Harvard professor Harvey Mansfield has whipped up a small storm in the last few weeks with his call for the new embrace of an old idea: manliness.

Men acting manly, says Mansfield, are what this world needs more of. John Waynes and Teddy Roosevelts, Papa Hemmingways and Schwarzeneggers who stride the modern range and get things done.

The post-feminist dream of a gender-neutral society, says Manfield, has hurt both men and women, and it's time to bust out the manly men inside.

Critics are agog. With Cheney and Rumsfeld and Dubya on the march, they ask, is that not enough saddle burn?

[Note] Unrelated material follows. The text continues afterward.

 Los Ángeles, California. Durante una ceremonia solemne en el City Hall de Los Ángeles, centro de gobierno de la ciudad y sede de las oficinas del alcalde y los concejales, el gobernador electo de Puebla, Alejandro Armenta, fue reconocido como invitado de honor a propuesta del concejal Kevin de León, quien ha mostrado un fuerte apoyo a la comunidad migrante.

Hear a conversation with Harvey Mansfield about manly men and the call for more manliness.
Here he seems a little less forward thinking in his views. The reality is probably a little of both.

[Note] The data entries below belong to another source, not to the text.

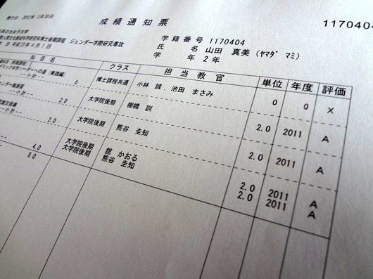 昨日、大学の教務課へ行って2011年度の成績通知表を受け取ってきました。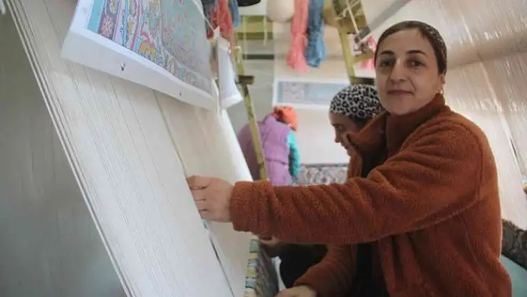 Ukrayna´daki savaş bölgesinden tahliye edilerek Elazığ´da geçici konaklama merkezine yerleştirilen Ahıska Türkü kadınlar, Halk Eğitim Merkezi tarafından açılan halı dokuma kursunda hem meslek öğreniyor hem de aile ekonomilerine katkıda bulunuyor.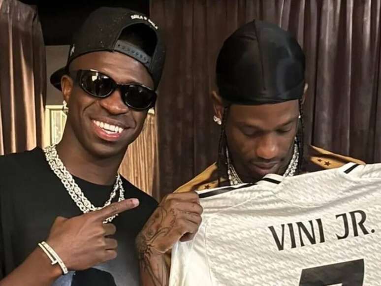 Vini Jr e Travis Scott juntos (Foto: Instagram) Presença ilustre e homenagem

I'd love to hear what any of you think of Mansfield and his ideas.


1 comment:

Anonymous said...

Very intriguing. Like you, I want a third way. It seems the problem is that so many want to place limitations on what a man can be, just as limitations are placed on women. Maybe this is just human nature, to want clear lines and categories. But that's where the problems sneak in. Regardless of how we define manliness or femininity, once we do so we, by default, leave out those who simply do not fit these categories. And there will always be those who do not fit. So are they not men? We're just perpetuating the idea that these men somehow do not measure up to the standard. Instead of just erasing the old lines and drawing new ones, i think we need to see men and women more as people and not genders. Are we not more than our genitalia?